Protecting Rights at the NW Detention Center

The ACLU-WA has been protecting rights of immigrant detainees against unlawful actions by U.S. Immigration and Customs Enforcement (ICE) at the Northwest Detention Center in Tacoma.

Problems first arose after several hundred immigrant detainees initiated the first of a series of hunger strikes at the Detention Center on March 7, 2014 to express concerns with national immigration policies and to raise awareness about the conditions of their confinement. Among their grievances regarding conditions are inadequate food, $1.00-day wages for work, and lack of access to bond hearings.

The ACLU represented individual hungers strikers against the possibility of being force-fed by the government. “Hunger-striking is a time-honored form of peaceful protest. The government should not interfere with an individual’s right to engage in this form of speech,” said ACLU-WA legal director Sarah Dunne.

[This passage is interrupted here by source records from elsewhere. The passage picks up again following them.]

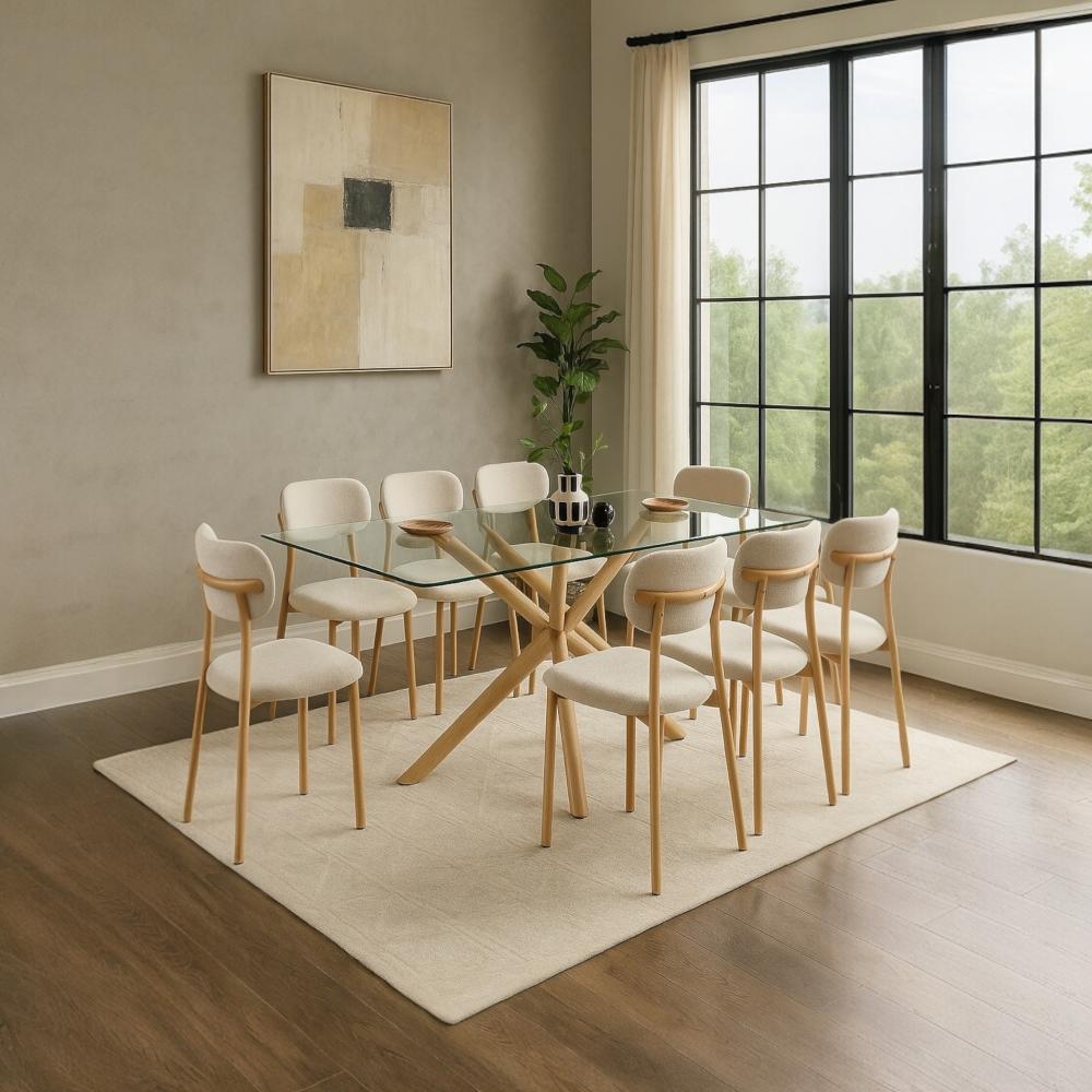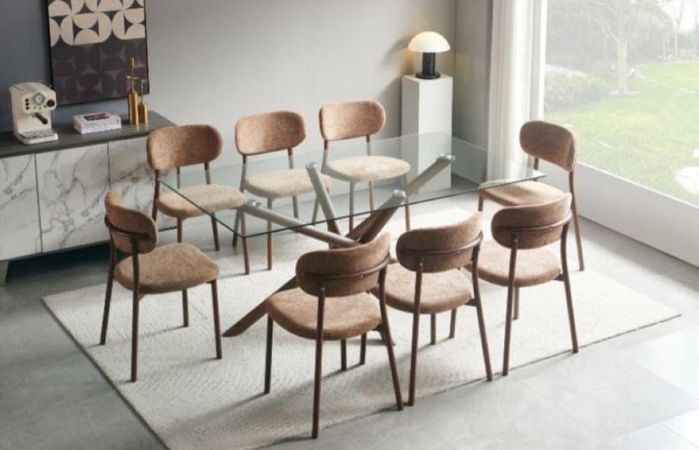 طقم سفرة 8 مقاعد بتصميم مودرن يجمع بين الأناقة والعملية، طاولة كبيرة بسطح زجاجي متين مع 8 كراسي مريحة تناسب جميع الجلسات العائلية وتضفي لمسة راقية على ديكور منزلك.
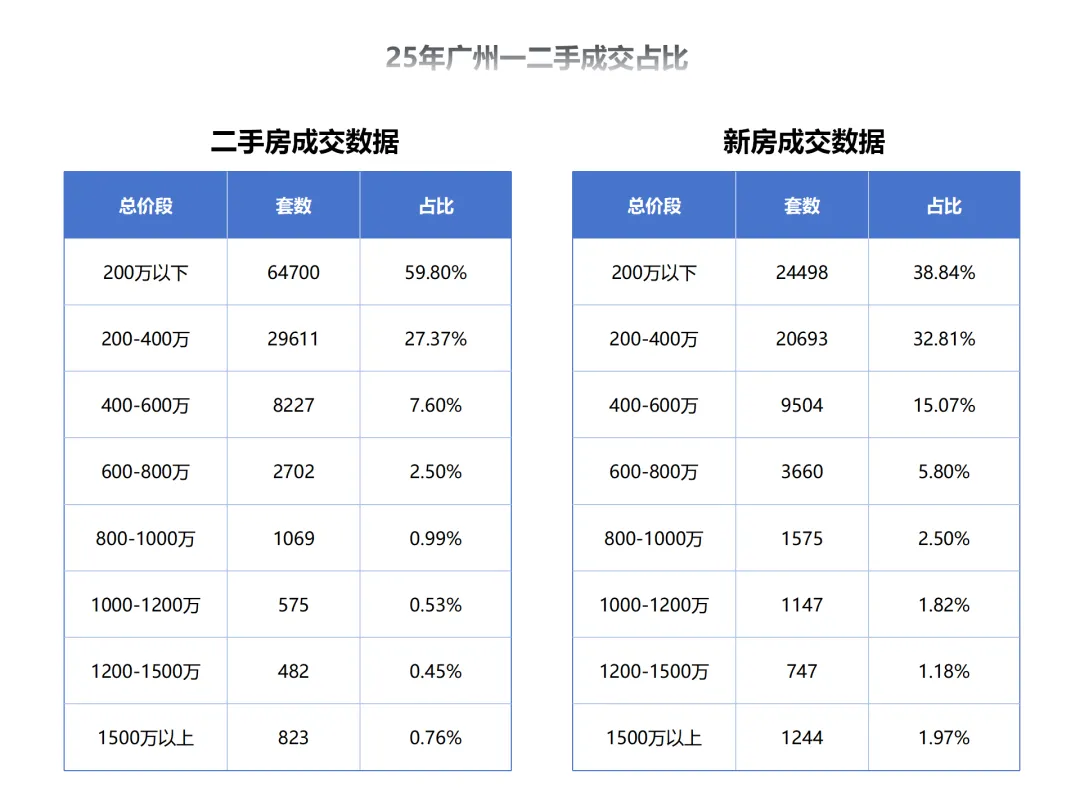但是细分下来,200万以上,二手房的成交量是新房的二倍以上,而且占比高达60%左右,说明刚需更喜欢观望,然后在二手市场捡漏。总价来到400万以上了,新房的成交量就反超二手房了。800万以上,新房是二手房的1.6倍,说明改善客群在纷纷入场。
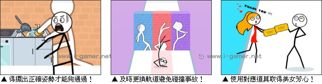 | 遊戲說明: 愛搞怪的火柴人準備要來挑戰玩家的反應力啦!在遊戲中,玩家需要藉由點擊,快速切換火柴人的姿勢或是手上的物品,以應付迎面而來的一堵堵高牆。在開始的基本關卡中,玩家只要讓火柴人符合不同形狀的缺口即可。但隨著通過的關卡越多,還得讓火柴人拿上不同的道具送送禮物,修修水管,使事件正確發生。 另外,《火柴人愛穿牆》不只單純考驗你的技巧和手速,還擁有滿滿的趣味性,超多莫名其妙的關卡,超級適合憂鬱的你好好紓壓一下。而有時適時地出錯,還能欣賞火柴人出糗的各種情境劇,玩家可別錯過嘍!現在就和火柴人一塊爆笑穿牆宇宙吧!  遊戲操作:以滑鼠操作進行遊戲,左鍵點擊變換姿勢。
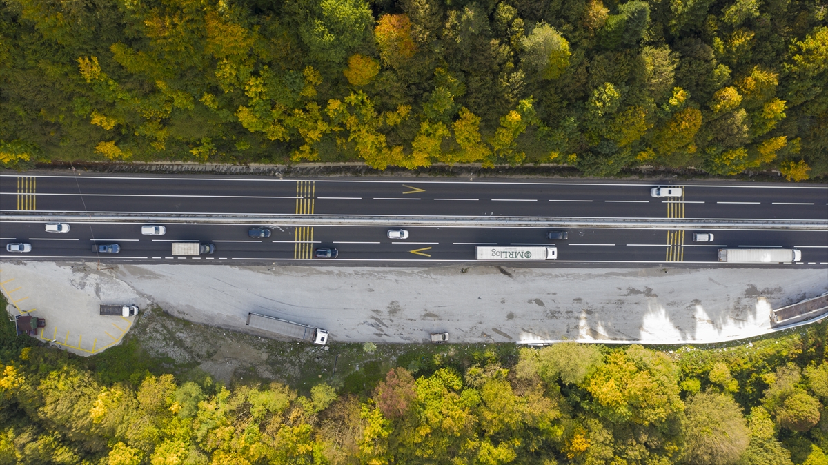 Sürücüler, kara yolunun Bolu kesiminde doğanın oluşturduğu manzara eşliğinde yolculuk yapıyor.
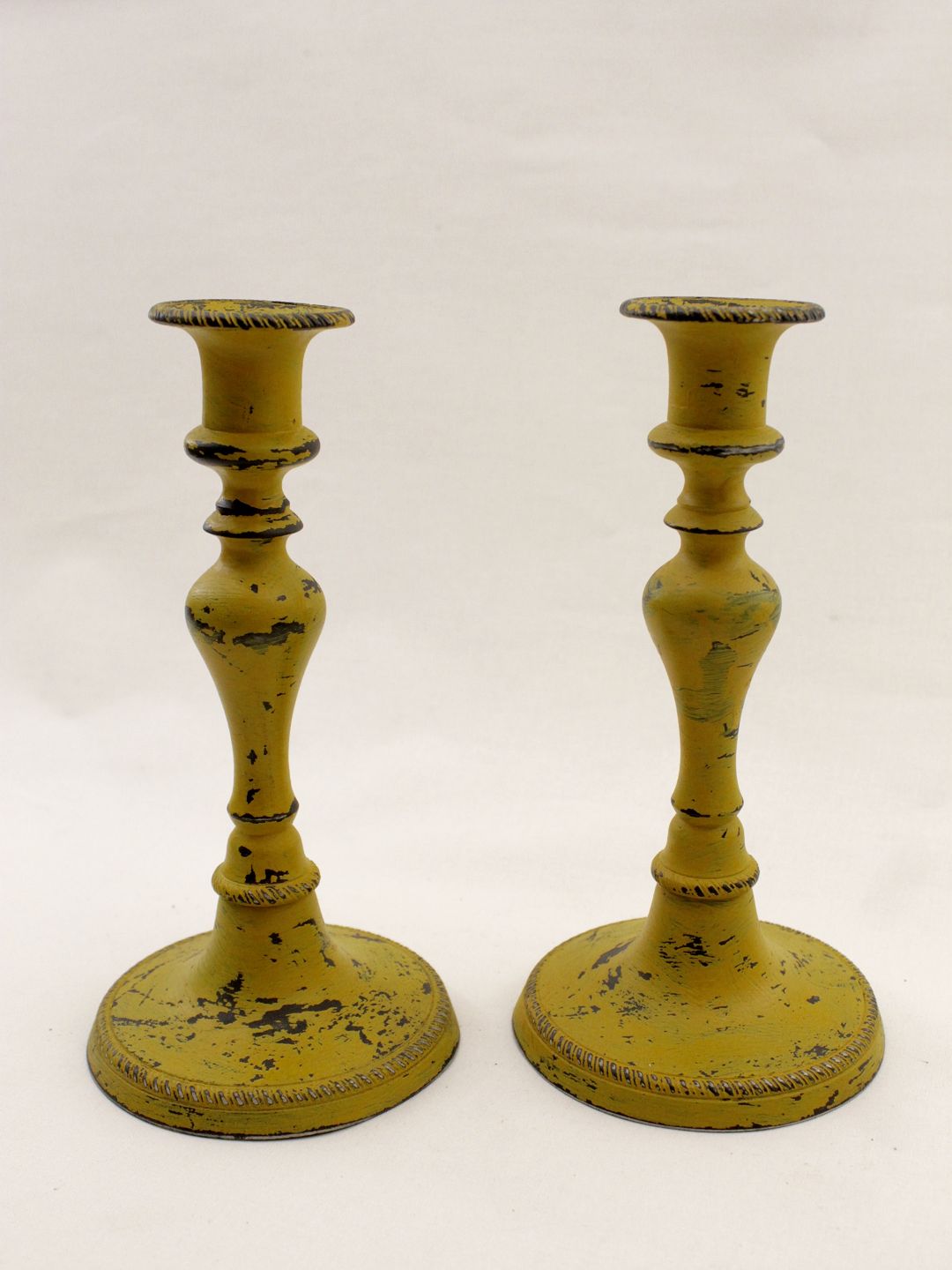 A pair of 1800-century painted pewter candlesticks H. 20 cm. No. 292024

Beginning on March 27, ICE began placing individuals in solitary confinement in retaliation for their support of the hunger strikes. They were kept in cells for 23 hours a day and were deprived of meaningful interactions with others.

More than 20 detainees had been invited by corrections officers to meet with an assistant warden to discuss their reasons for engaging in a hunger strike. After detainees volunteered to attend the meeting, approximately two-dozen detainees were immediately placed in handcuffs and taken to individual isolation cells. Detainees were not told why they were placed in solitary confinement nor how long they would have to live in isolation.

Federal immigration authorities released them from solitary confinement in early April after the ACLU-WA, along with Columbia Legal Services, filed suit against ICE. The lawsuit challenged federal authorities for retaliating against the exercise of First Amendment-protected activities.

“The Bill of Rights applies to everyone in America. Punishing detainees who engaged in political speech by putting them in isolation cells was an unlawful attempt to chill free speech rights,” said ACLU-WA staff attorney La Rond Baker.

In early May, detainees announced that they were ending the wave of hunger strikes after 56 days.

Handling the case are for the ACLU-WA are staff attorneys Sarah Dunne, La Rond Baker and Margaret Chen and cooperating attorney Sal Mungia of the firm Gordon Thomas Honeywell, LLP.